# What Pew Bible Does Your Congregation Use?



## Backwoods Presbyterian (Aug 13, 2010)

At Fairmount ARP we use the NIV. 

What is in the pew at the church you attend?


----------



## N. Eshelman (Aug 13, 2010)

ESV. When I got here it was NIV, but a few of our older members asked to replace them with what I read and preached from.


----------



## Willem van Oranje (Aug 13, 2010)

To me, it seems kind of weird that we have pew Bibles. This is the first church I've ever been to which had pew Bibles, where everyone didn't have to bring their own Bible, (except for a liberal PCUSA church I attended as a child.)


----------



## raekwon (Aug 13, 2010)

Willem van Oranje said:


> To me, it seems kind of weird that we have pew Bibles. This is the first church I've ever been to which had pew Bibles, where everyone didn't have to bring their own Bible, (except for a liberal PCUSA church I attended as a child.)


 
I've always been under the impression that pew Bibles are primarily for visitors and/or non-Christians who might not have a Bible (or at least not an easily portable one) at their disposal. Folks who have their own personal bibles are still encouraged to bring their own.


----------



## torstar (Aug 13, 2010)

Reading the creeds, confessions and Scripture in unison may be considered more edifying if all are reading from the same translation.

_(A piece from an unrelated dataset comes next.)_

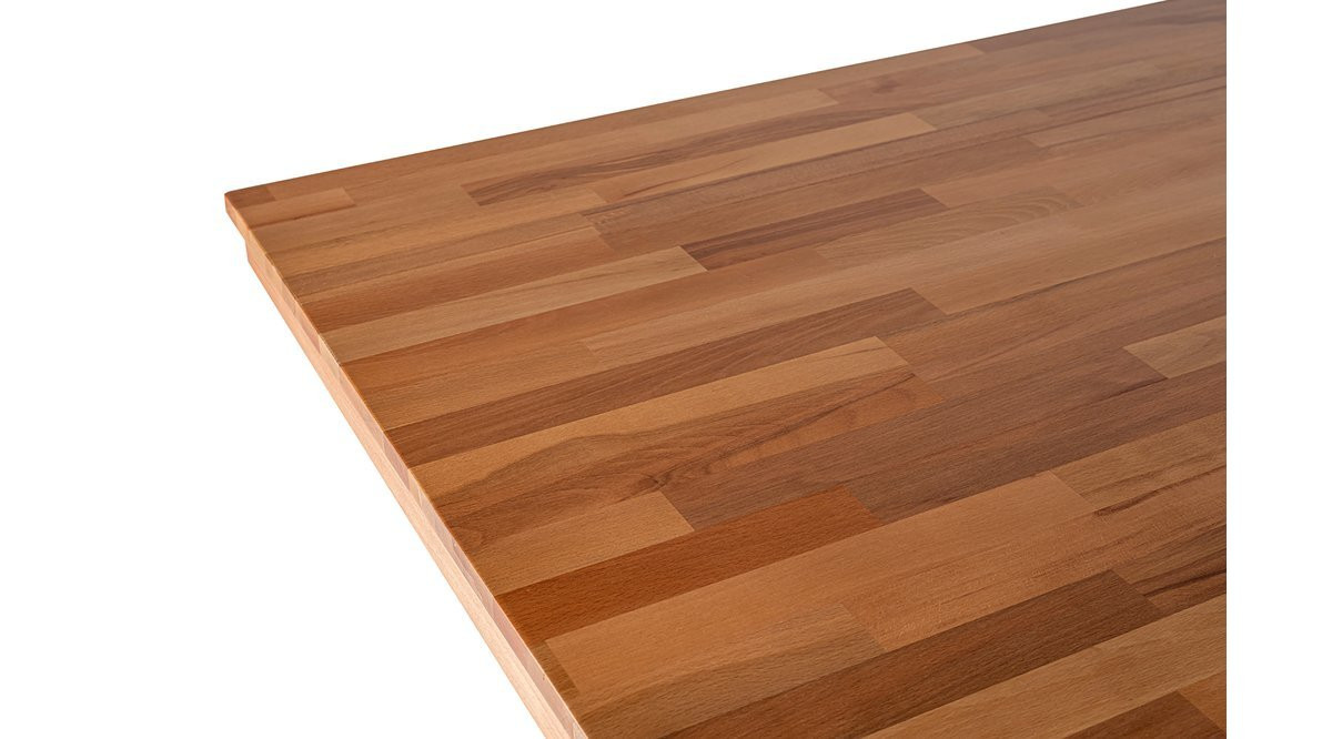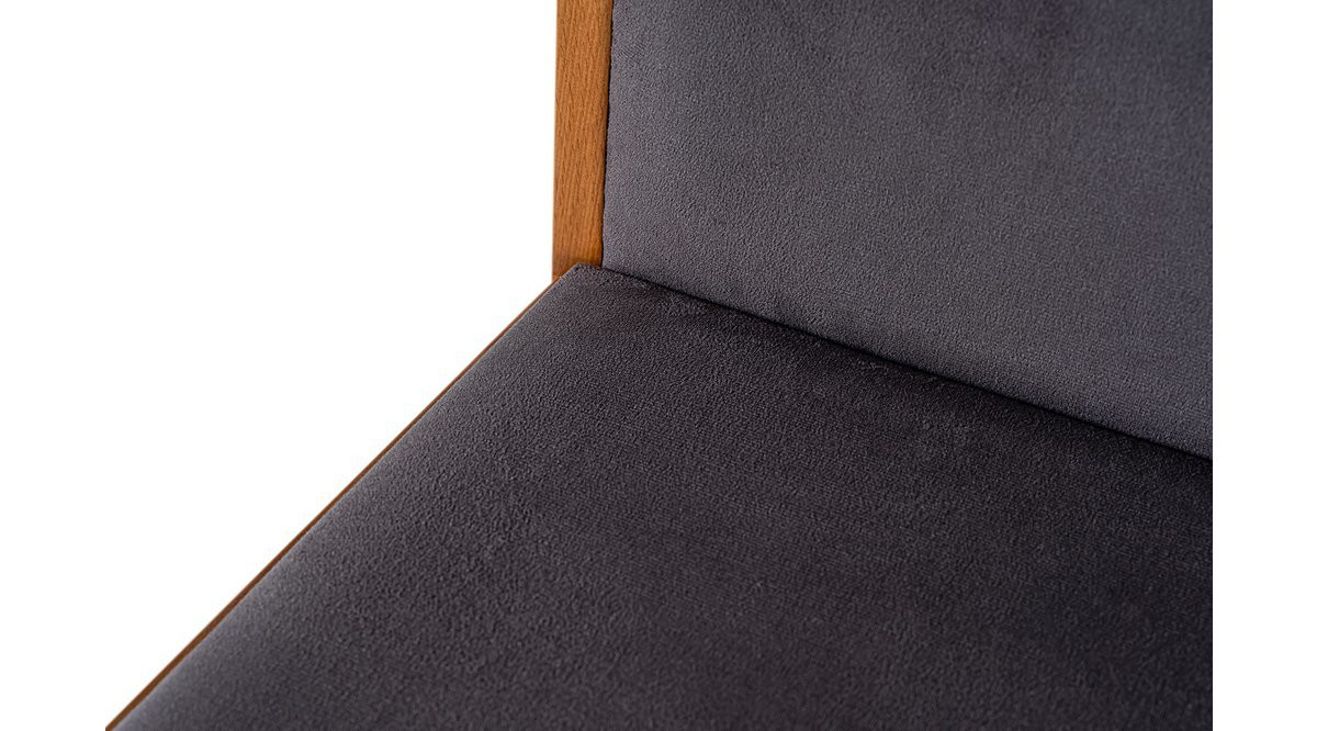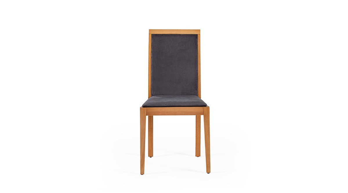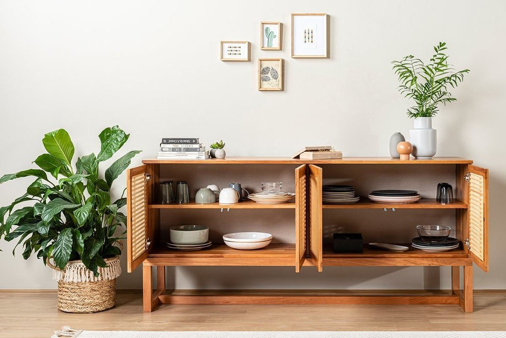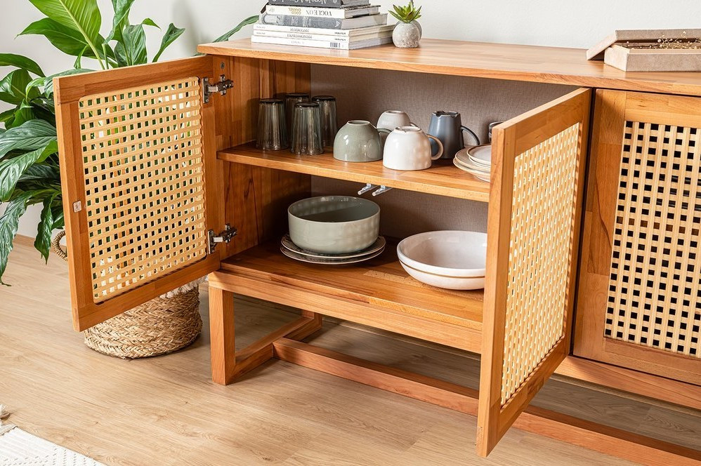 Conjunto de comedor ARDEN compuesto por una mesa rectangular, un aparador de 4 puertas con frentes perforados y cuatro sillas.

There will be rebels though...


----------



## au5t1n (Aug 13, 2010)

We use the ESV. I read along in the KJV, and for the most part it's easy to follow, except that it's amazing how often my pastor will say, "Now the Hebrew here actually says" and then say what I have in my Bible.


----------



## KSon (Aug 13, 2010)

raekwon said:


> Willem van Oranje said:
> 
> 
> > To me, it seems kind of weird that we have pew Bibles. This is the first church I've ever been to which had pew Bibles, where everyone didn't have to bring their own Bible, (except for a liberal PCUSA church I attended as a child.)
> ...


 
Also helps with responsive readings, to have everyone with the same translation.


----------



## TexanRose (Aug 13, 2010)

All congregations of the FP church use the KJV. I think it's nice to know what to expect, and to know that visiting ministers as well as your own will be preaching from the same text. At my last church (RPCNA), the pew Bibles were NASB; one minister preached from the NASB, the other from the NKJV, and the intern when he spoke used the ESV. Oh and when I brought my own it was a KJV.  I thought it was quite distracting to be reading from one version while the pastor was reading/preaching from another.


----------



## raekwon (Aug 13, 2010)

KSon said:


> raekwon said:
> 
> 
> > Willem van Oranje said:
> ...


 
Having those printed in the bulletin or projected to a screen can take care of that problem as well.


----------



## KensingtonerRebbe (Aug 13, 2010)

My home congregation uses the NIV. The church I go to here in Nova Scotia uses the NKJV.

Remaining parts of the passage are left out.